Inception network is an advanced architecture for building deeper networks by repeating a bunch of inception modules, as shown inFigure 2(c) . Instead of trying to determine the best values for certain hyper-parameters (i.e. number of filter size, number of layers, inclusion of pooling layer), inception network proposes to concatenate outputs of hidden layers with different configuration through an inception module and trains the network to learn patterns from the combination of diverse hyper-parameters. Despite its high computation cost, inception network has performed remarkably well in many applications 38, 46. For secondary structure prediction, a combination of three filter sizes \(1\times K\),\(3\times K\) and \(5\times K\) was applied to convolve feature input, where K is the number of original input features for each residue position. The concatenation of the convolution outputs is fed into an activation layer for non-linear activation calculation. This kind of inception module is repeated to make a deeper network. After the parameter tuning, the optimal inception network is comprised of three inception blocks with 24 convolution layers included.
In addition, we designed three more deep learning architectures: recurrent convolutional neural network (RCNN) 42, convolutional residual memory networks (CRMN) 44, and fractal network for secondary structure prediction.

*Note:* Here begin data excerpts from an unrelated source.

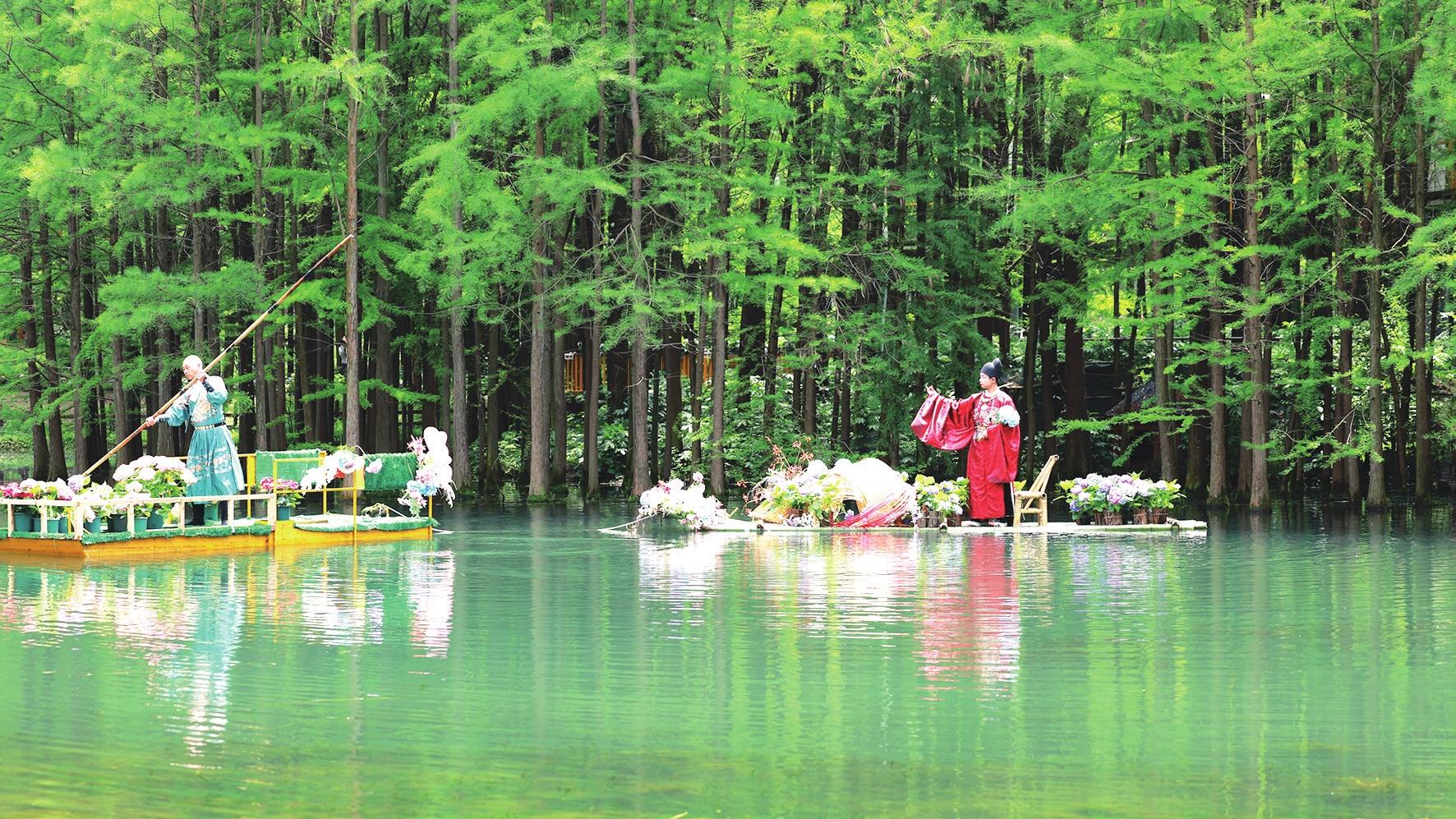 4月22日,宜昌城区运河公园,一位汉服爱好者乘花船在湖面巡游,吸引许多游客驻足拍照。
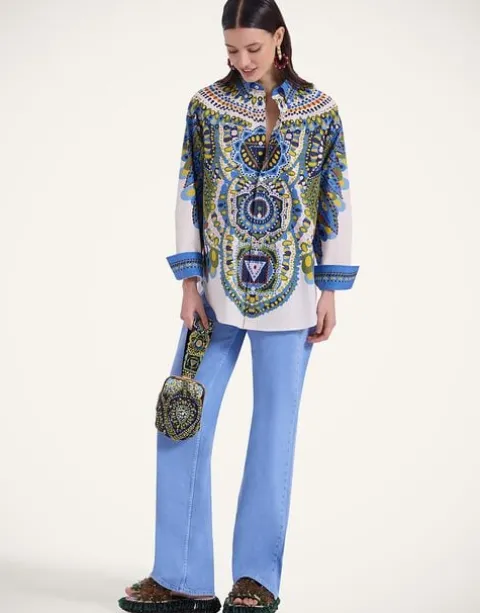 We’ll go ahead and say it – this just might be the perfect shirt. One that’s tailored in all the right places but still oversized enough to feel effortlessly laid back. Crafted in crisp cotton poplin this beauty pops with pretty much anything – your favourite pair of jeans, a printed Pencil Skirt, over a bathing suit, or nothing at all!. Just keep this one close to the chest….your boyfriend will want to steal it, we guarantee.
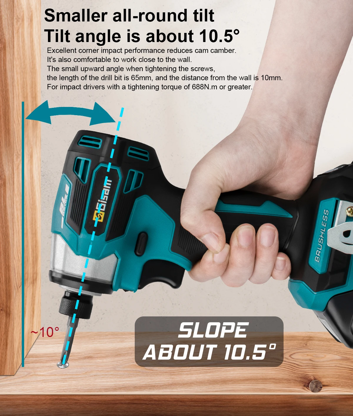 - Powerful Brushless Motor & High Torque: Maximum torque of 688N.M., along with variable speed up to 7200RPM, this impact driver can drive screws or tighten nuts at astonishing speed.
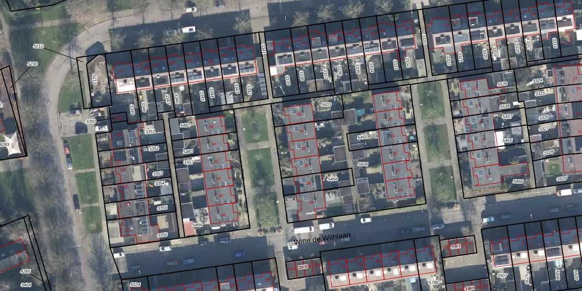 Het perceel waarop Witte de Withlaan 32 staat heeft een oppervlakte van 1508 m². Dit is een zeer groot perceel. De perceeloppervlakte wordt geregistreerd door het Kadaster. Gedetailleerde informatie over de maten van dit perceel kunt u vinden in het rapport Kadastrale kaart met maatvoering van Witte de Withlaan 32.
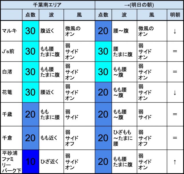 6月20日(木)最終〜明日6月21日(金)朝の千葉南の波 2019年6月20日 / U / コメントする 【千葉南エリア】-“・明朝の千葉南エリアはもも腰〜腹くらいの波、弱めのオンショアベースの風、いまいちなコンディションでのスタートとなりそうです。- ・J’s前、白渚、周辺あたりでは、多少期待できそうでしょうか。”
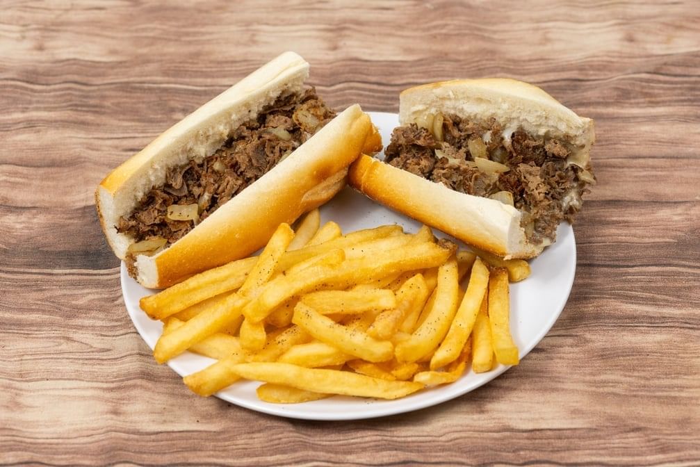 Thinly sliced philly steak, melted cheese and a hint of seasoning on a soft hoagie roll
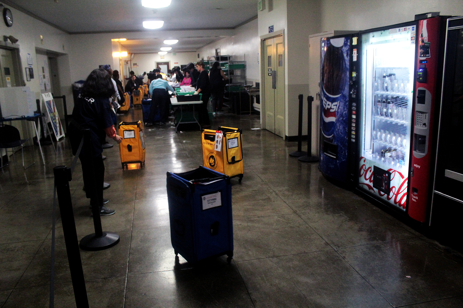 Inside the building, dozens of employees—Ashley estimates up to 100—were preparing for the vote-by-mail ballots to come in. On the basement floor, adjacent to the garage where the trucks drop the ballots off, ROV employees formed a human chain to pass wheeled baskets that will hold the votes. Ashley said the ROV will not even start counting the vote-by-mail ballots Tuesday tonight, and the workers are only getting them ready to be counted starting Wednesday. Tonight, the office will focus on the in-person votes cast on election day.
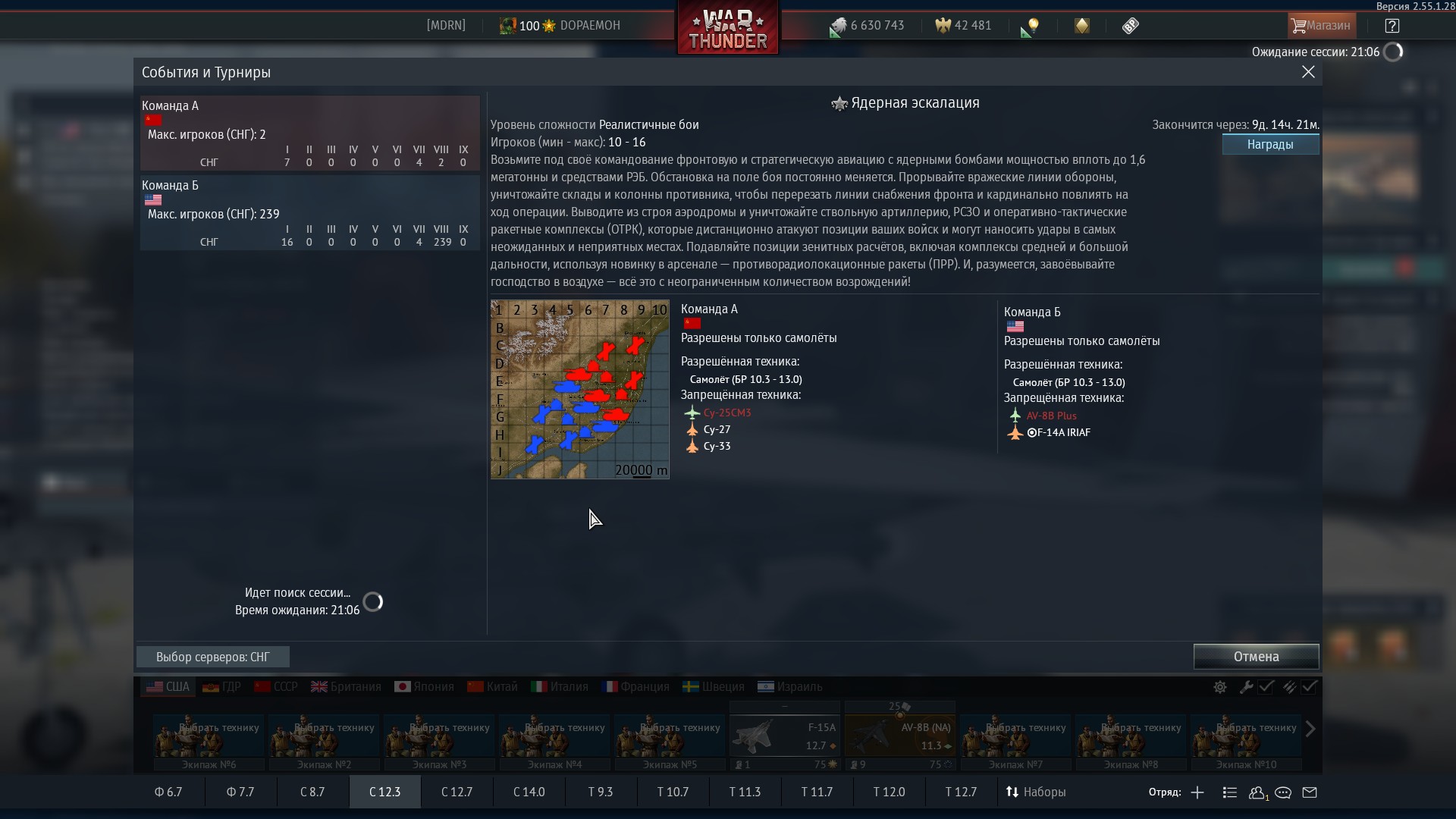 А именно: из-за разделения боёв на “нижний” и “верхние” сетапы, игроки желающие играть за “синих” на “верхнем” сетапе, не могут в бои зайти, т.к. у “красных” нет в большом количестве авиации 12.7, а авиация “красных” с 13.0 по понятным причинам в ивенте не участвует.
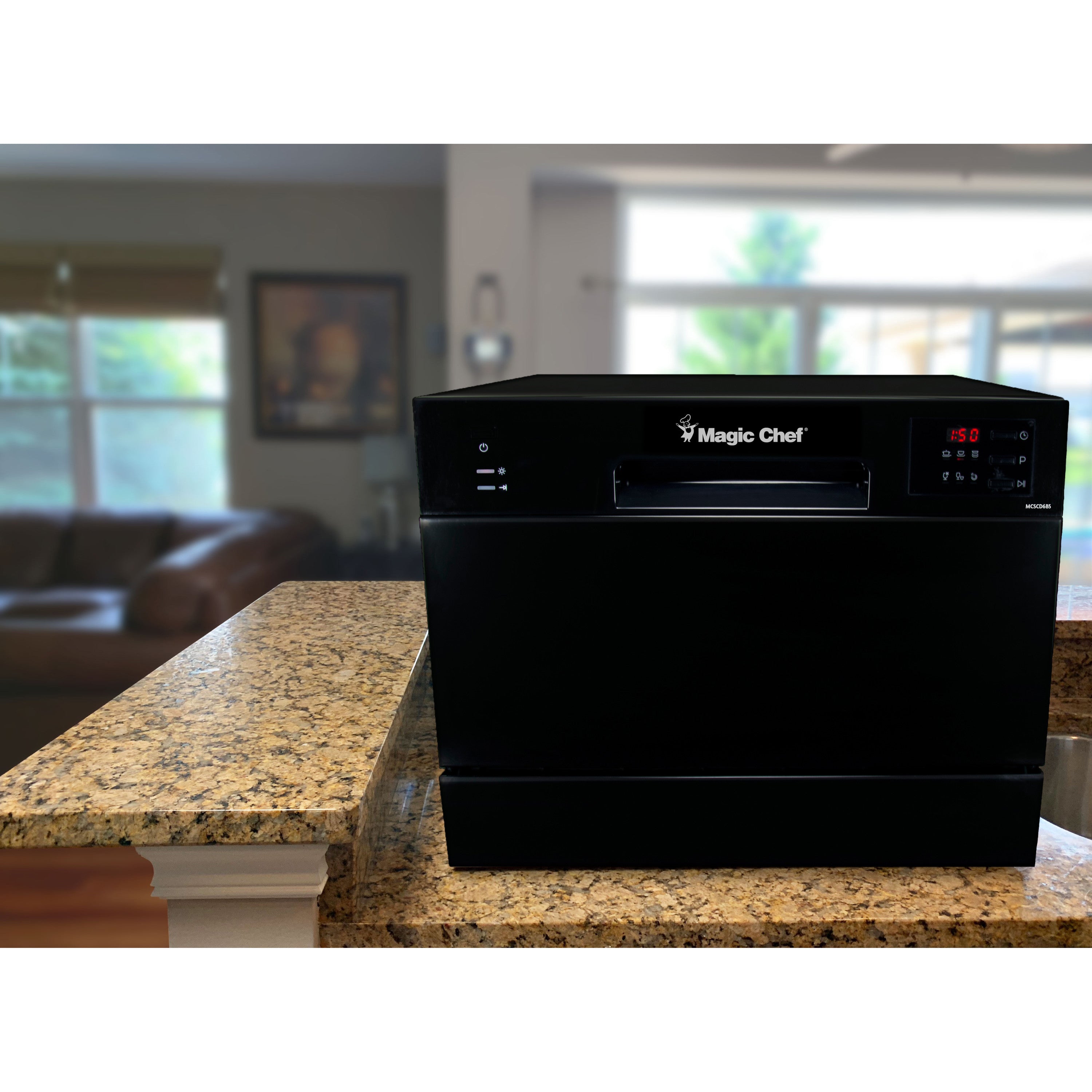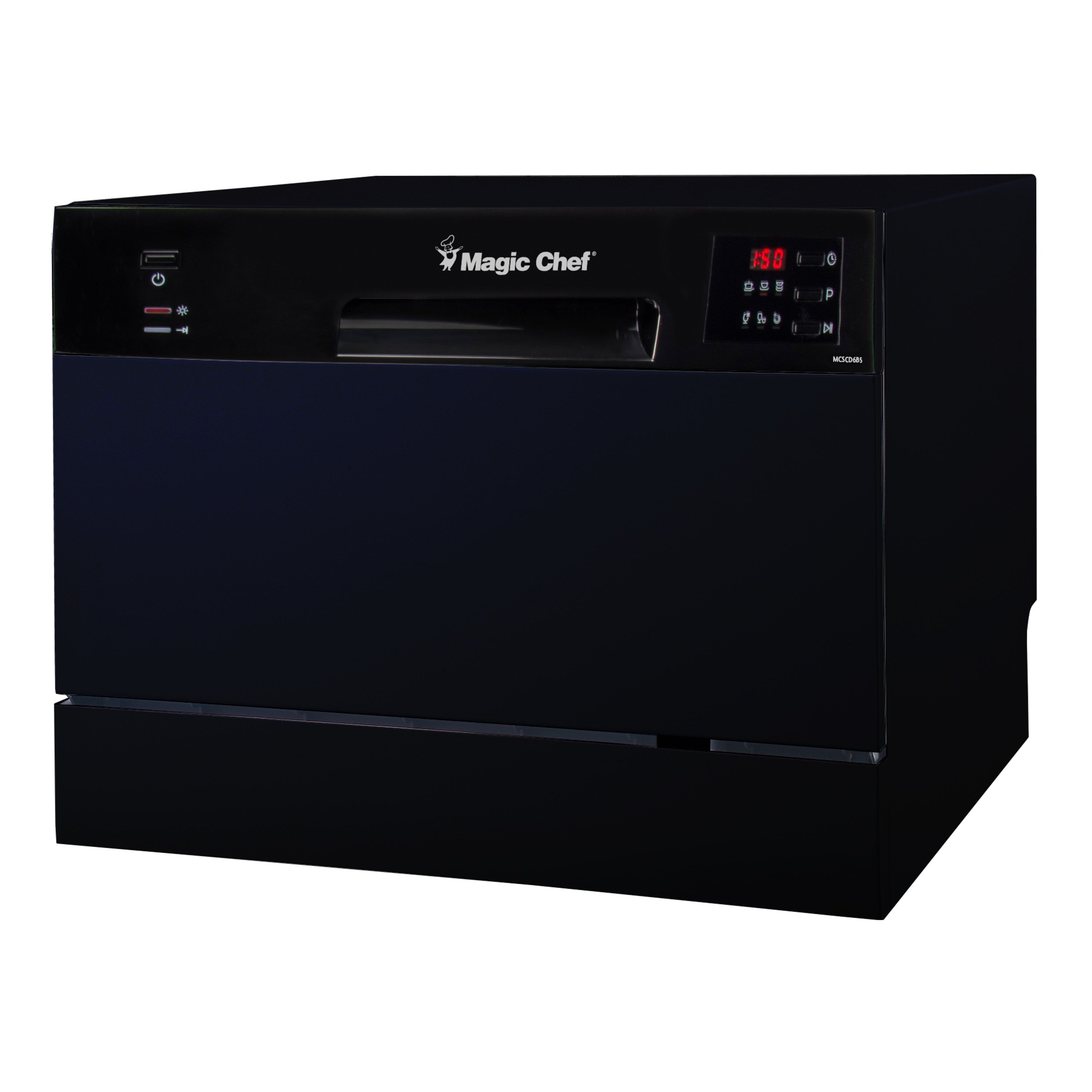 The Magic Chef Energy Star countertop dishwasher provides all the convenience of a full-size dishwasher right on your countertop. It features enough space to accommodate 6 standard place settings, making it perfect for singles, couples, apartments or the office kitchen. With easy-to-use, push-button electronic controls, it is designed with a stainless steel interior that includes a durable rack, silverware basket and cup shelf for easy loading.
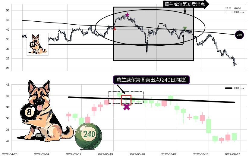 形态多维评估: ⚀ 2022-05-23-日显现 葛兰威尔均线 240日均线 第⑧卖出点 下降趋势的中继信号,后市看跌,卖出信号
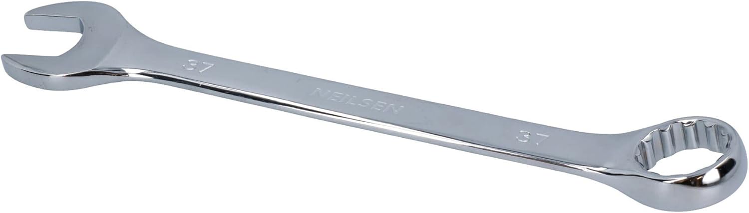 Professional jumbo spanner for commercial or occasional use 37mm metric spanner Jumbo / large metric spanner Metric spanner Suitable for heavy industry, agriculture hub nuts and many more Combination style spanner so one end is open and the other is an enclosed ring spanner 15 degree angle on the spanner to allow for when extra leverage is required in tight confined spaces Manufactured from C R v steel for maximum strength and durability Extra long spanners for when extra leverage is required SPECIFICATIONS Combination spanner Metric spanner 37mm metric spanner Total length – 390mm 15 degree angle on the spanner 12 sided / Bi-hex ring spanner Total weight – 925 grams
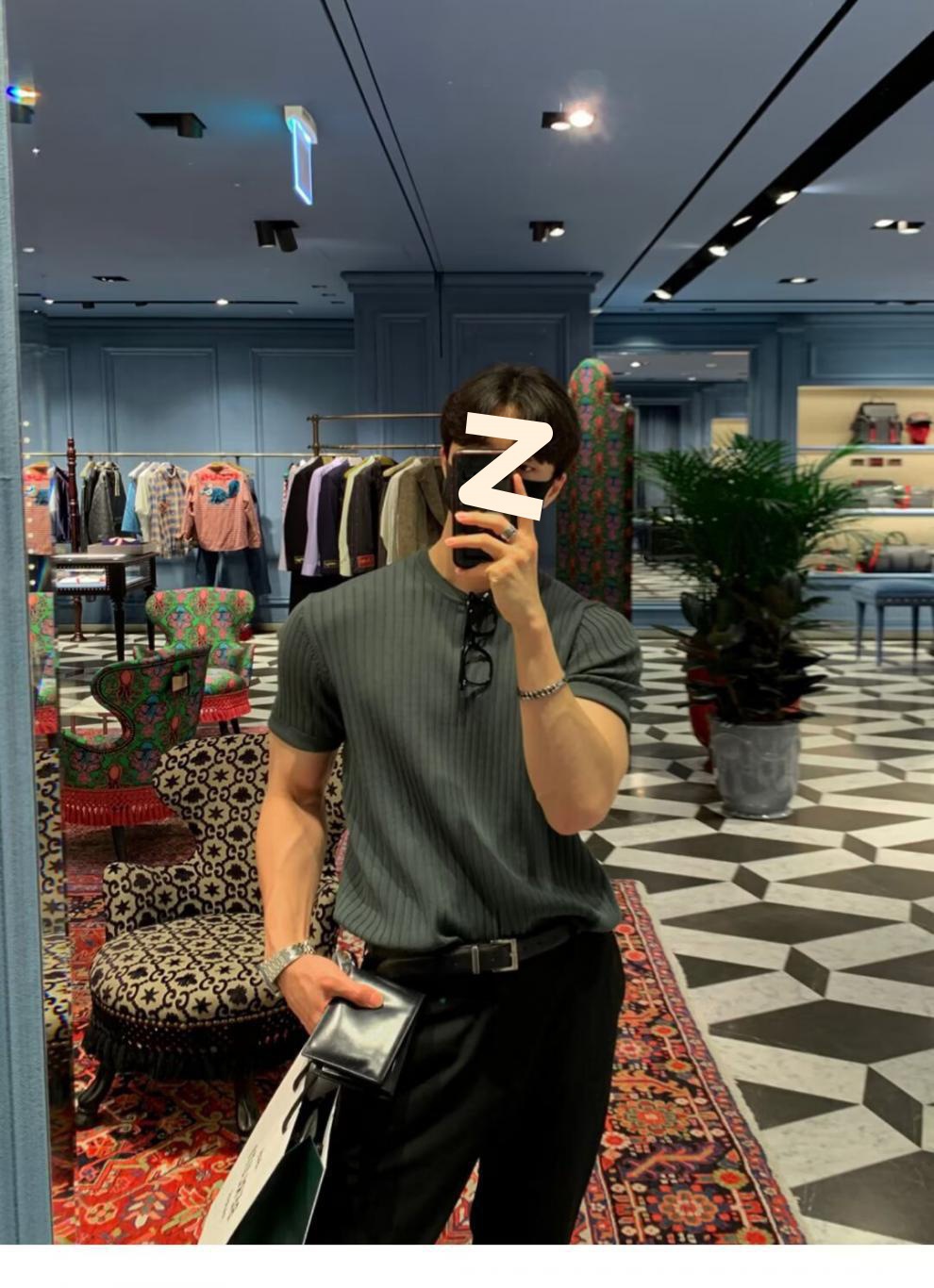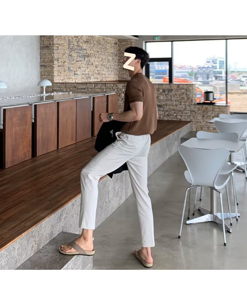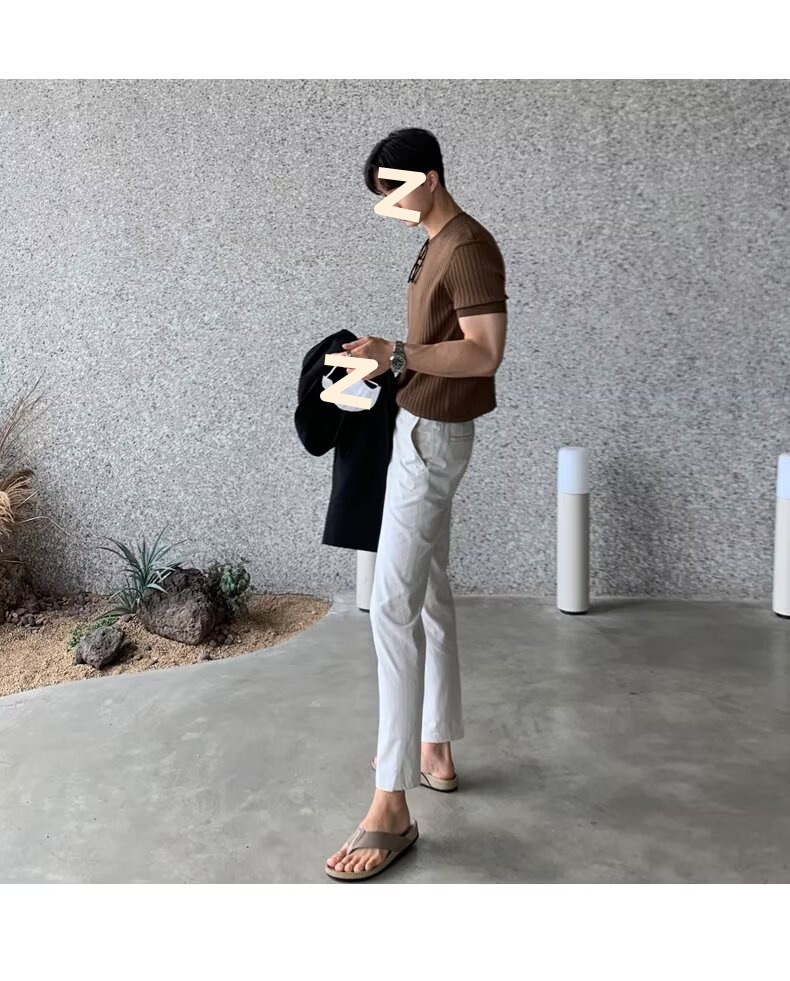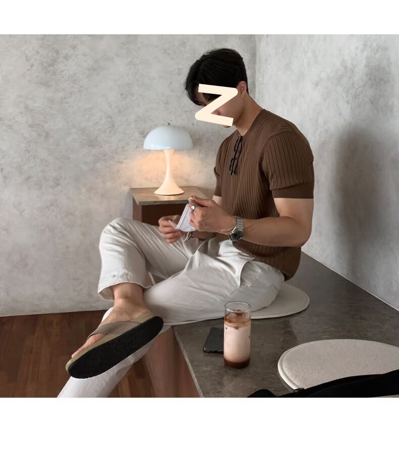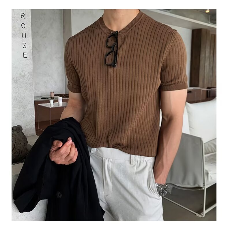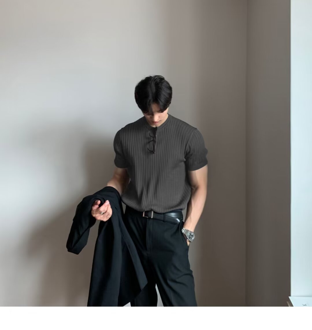 여름 얇은 둥근 목 반팔 스웨터 남성용 슬림 핏 스트레치 트렌디 올매치 디자인 센스 수직 스트라이프 반소매 티셔츠스토어 가기

The recurrent convolutional neural network (RCNN) was designed to model sequential dependency hidden inside the sequential features (Figure 2(D)) , It firstly extracts the higher-level feature maps by a convolution block, and then uses a recurrent neural network (i.e. bi-directional Long-Short-Term Memory (LSTM) network) for modeling the inter-dependence among the convolved features. Such a recurrent convolutional block with 4 convolutional layers included is repeated 5 times to build a deep recurrent convolutional neural network for secondary structure prediction in this work. The CRMN network augmented the architectures by integrating convolutional residual networks with LSTM (Figure 2(E)) (e.g., 2 residual blocks and 2 LSTM in the network). Both methods advanced the convolutional neural network by introducing the memory mechanisms of recurrent neural network (RNN). Moreover, inspired by ResNet and Inception Network, we built a Fractal network stacking up different number of convolution blocks in both parallel and hierarchical fashion by adding several shortcut paths to connect lower-level layers and higher-level layers, as shown in Figure 2(F) . After tuning, the fractal network was assembled with 16 convolution layers for one fractal block.